Task goal:
Exactly the lines below from the one with "The Hudson Inn 200" up to and including the one with "Дверца этой компактной" make up the answer, with nothing else added.

Listed records:
########################################

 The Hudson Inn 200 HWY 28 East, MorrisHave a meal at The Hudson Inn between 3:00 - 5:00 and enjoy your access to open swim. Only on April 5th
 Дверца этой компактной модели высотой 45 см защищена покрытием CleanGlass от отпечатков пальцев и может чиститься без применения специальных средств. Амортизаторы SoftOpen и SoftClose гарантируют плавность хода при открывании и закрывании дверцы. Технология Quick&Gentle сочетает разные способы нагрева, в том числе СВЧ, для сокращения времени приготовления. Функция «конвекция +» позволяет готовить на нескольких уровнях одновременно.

########################################

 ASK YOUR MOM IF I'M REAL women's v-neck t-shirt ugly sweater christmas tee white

########################################

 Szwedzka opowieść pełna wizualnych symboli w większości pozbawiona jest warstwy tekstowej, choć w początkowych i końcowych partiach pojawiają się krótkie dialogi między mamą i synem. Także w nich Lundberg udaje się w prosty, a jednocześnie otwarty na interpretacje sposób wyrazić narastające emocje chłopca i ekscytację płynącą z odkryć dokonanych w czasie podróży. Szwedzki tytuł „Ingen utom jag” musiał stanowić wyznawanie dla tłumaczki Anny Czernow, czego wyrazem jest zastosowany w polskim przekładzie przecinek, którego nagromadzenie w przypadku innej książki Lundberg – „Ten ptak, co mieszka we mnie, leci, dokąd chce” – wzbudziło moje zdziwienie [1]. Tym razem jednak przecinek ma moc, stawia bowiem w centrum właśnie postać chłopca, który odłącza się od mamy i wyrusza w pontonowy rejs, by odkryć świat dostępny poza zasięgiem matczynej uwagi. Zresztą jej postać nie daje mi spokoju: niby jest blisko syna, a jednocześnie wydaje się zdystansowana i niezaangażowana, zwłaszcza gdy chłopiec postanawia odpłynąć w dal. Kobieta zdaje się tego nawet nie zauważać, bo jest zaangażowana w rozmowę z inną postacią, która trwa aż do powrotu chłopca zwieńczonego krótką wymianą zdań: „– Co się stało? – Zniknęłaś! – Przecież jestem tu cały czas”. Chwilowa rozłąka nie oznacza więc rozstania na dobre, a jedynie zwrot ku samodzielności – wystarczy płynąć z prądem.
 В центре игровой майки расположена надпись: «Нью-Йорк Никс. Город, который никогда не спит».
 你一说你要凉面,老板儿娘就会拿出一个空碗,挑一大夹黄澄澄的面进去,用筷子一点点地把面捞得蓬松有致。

########################################

Response to this task:
 The Hudson Inn 200 HWY 28 East, MorrisHave a meal at The Hudson Inn between 3:00 - 5:00 and enjoy your access to open swim. Only on April 5th
 Дверца этой компактной модели высотой 45 см защищена покрытием CleanGlass от отпечатков пальцев и может чиститься без применения специальных средств. Амортизаторы SoftOpen и SoftClose гарантируют плавность хода при открывании и закрывании дверцы. Технология Quick&Gentle сочетает разные способы нагрева, в том числе СВЧ, для сокращения времени приготовления. Функция «конвекция +» позволяет готовить на нескольких уровнях одновременно.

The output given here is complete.